I haven't talked to her in more than a month now and she randomly liked a picture I put on Instagram. I tried not to over think it but right after I posted a picture she posted a picture that she labeled, "Cousin playing with my Ted" (the teddy bear I got her before she left). I guess nice guys really do finish last and on top of it, I lose a great “post-May” friend.
It was now about 2 months since we last talked and I wrote her a letter last week. All I did was basically thank her for her friendship, as it meant a lot to me. She wrote back a few days later telling me I'm a great person, how she wants the best things in life for me, and that she wishes me to be happy. She also said she's just at a confusing point in her life right now. In which I replied, thanks, best of luck with everything.

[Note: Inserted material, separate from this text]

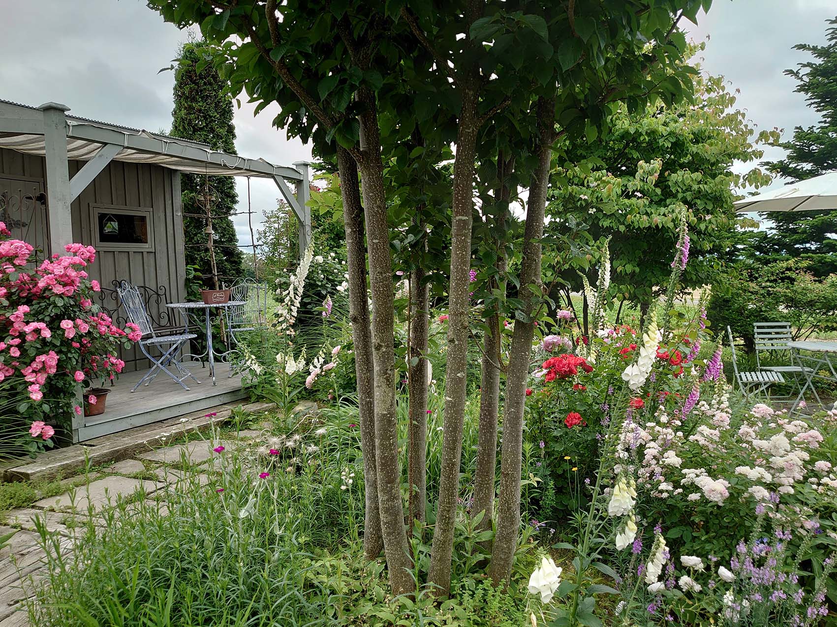 江部乙地区の丘陵地にあり、郷土出身の日本画家「岩橋英遠」の描いた山並みや田畑が望め四季を通して癒される庭です。
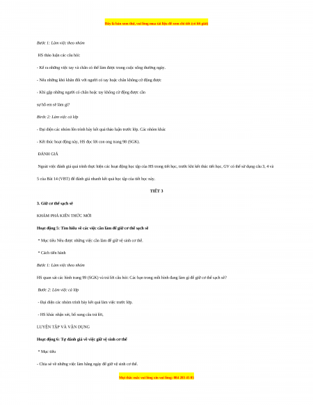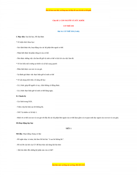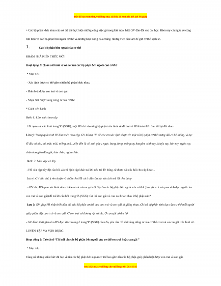 tìm hiểu về các bộ phận bên ngoài cơ thể và những hoạt động của chúng, những việc cần làm để giữ cơ thể sạch sẽ. 1.

Okay, so why does that mean ignore me for 2 months? I never did anything mean to her, I was there for her when she needed someone the most. Now here I am, without one of the greatest people in my life anymore. Why is it that I lose out? I've deleted her from Skype/FB/Twitter/Instagram to help me move on. The only way she can now contact me is through email or text/call. I have a bad feeling she never will. The worst part is, I can't stop thinking about her and the great times we had and why this happened. It's literally making me go crazy. She used to be such a genuine person and this whole thing is making me so depressed. Was it something I did? Was it something I didn't do? I hate this empty feeling. I'm really beat up from this.